By using the aerosol method, the fusible metal and the black ceramic powder can be uniformly mixed to prepare powder with smaller size so as to meet the requirement of photocuring on the particle size.
Preferably, the mass ratio of the fusible metal to the black ceramic powder is 3-10:1, preferably 5: 1;
preferably, the heating temperature is 10-20 ℃ above the melting point of the fusible metal;
preferably, the mixing method is ball milling, and the ball milling time is 12-18h, preferably 15 h.
In one or more embodiments of the present invention, the method for mixing the fusible metal and the black ceramic powder further includes a step of sieving the composite particle powder, wherein the sieve mesh number is 1000-1500 meshes, and preferably 1500 meshes.
Heating the low-melting-point fusible metal to 10-20 ℃ above the melting point to ensure the fluidity of the molten fusible metal, and ball-milling the fusible metal and the black ceramic particles for 15 hours to uniformly distribute the black ceramic particles in the molten fusible metal to prepare the molten composite material. Adding the molten composite material into an air atomization system, preparing composite particles of black ceramic and fusible metal by an air atomization method, and sieving composite particle powder with the sieve mesh number of 1000-1500 meshes to obtain the effective composite particles.
For example: the preparation method comprises the steps of taking silicon carbide powder as black ceramic powder, taking tin-bismuth alloy with the melting point of 70 ℃ as a modified material, melting the tin-bismuth alloy at the temperature of 80-90 ℃, carrying out ball milling on silicon carbide particles and the molten tin-bismuth alloy for 15 hours to uniformly disperse the silicon carbide particles and the molten tin-bismuth alloy, dispersing the mixed molten composite material into pomegranate-shaped composite particle powder again by using an air atomization system, distributing a plurality of silicon carbide particles in the tin-bismuth alloy, and sieving the silicon carbide particles by using a 1000-plus-1500-mesh sieve to obtain the composite particles capable of effectively improving the photocurability of silicon carbide.

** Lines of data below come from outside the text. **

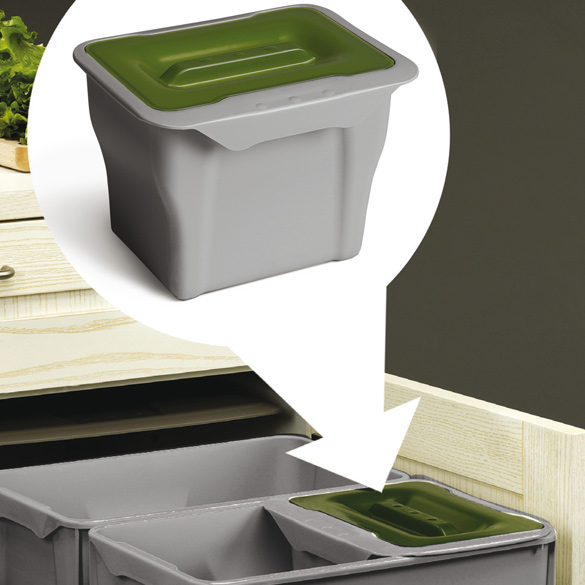 The waste bins can be also equipped with a small handy multi-purpose waste bin, ideal for stowing sponges and small objects and to facilitate the organic waste collection (Art. 557).
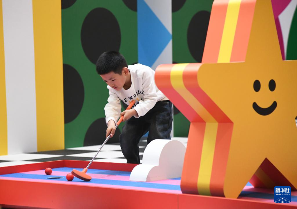 3月15日,一名小朋友在《INSIDE OUT请勿见外》艺术展上与艺术作品互动。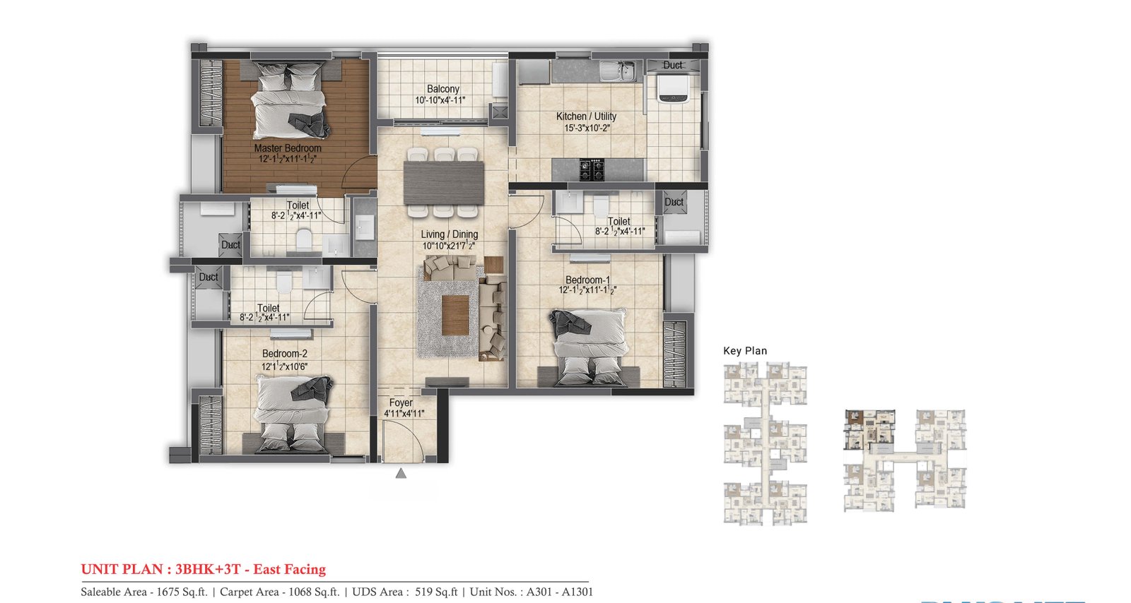 | Unit Type | Saleable Area | RERA Carpet Area | Price | Floor Plans |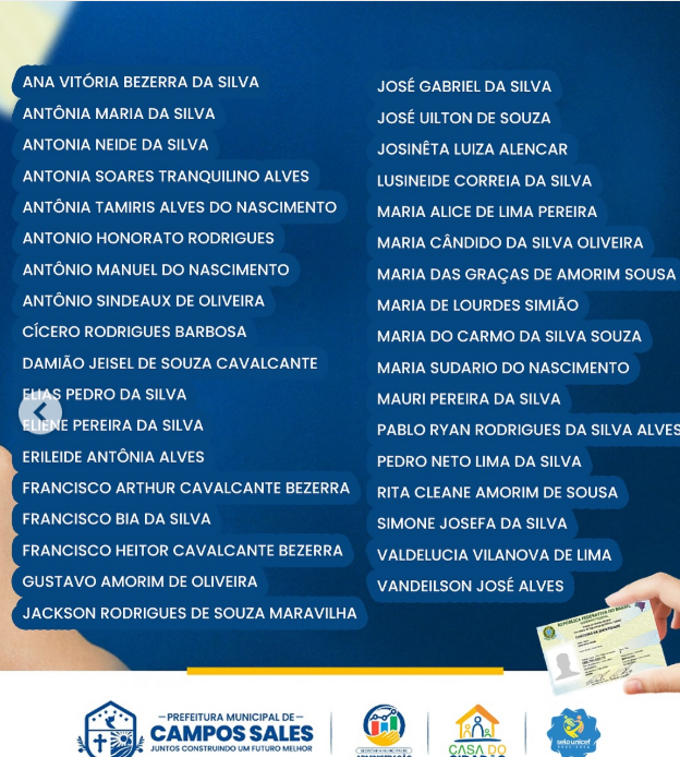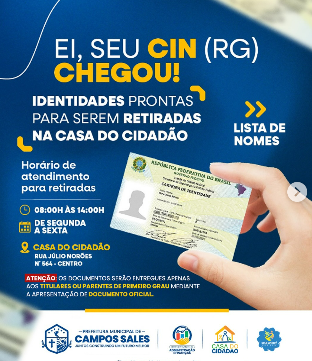 Os documentos feitos através da Casa do Cidadão, já estão prontos para serem retirados. Os nomes citados na lista deverão dirigir-se até a📍Casa do Cidadão (Rua Júlio Norões, N°564, centro), das 08h às 14h, de segunda a sexta.

In a third aspect of the present invention, there is provided a 3D printing photocuring method of black ceramic powder, comprising: preparing pomegranate-shaped black ceramic particles for additive manufacturing into ceramic slurry, and performing printing, photocuring and sintering to obtain black ceramic.
In one or more embodiments of the present invention, the step of preparing the ceramic slurry is mixing the composite particle powder with a photosensitive resin to prepare the ceramic slurry;
preferably, the volume fraction of the composite particle powder in the ceramic slurry is 40-50 vol%, preferably 40 vol%.
In one or more embodiments of the present invention, the photocuring parameters are: the power of the ultraviolet light is 20-40mW/cm2The exposure time is 10-20 s; the thickness of the model slice layer was 50 μm.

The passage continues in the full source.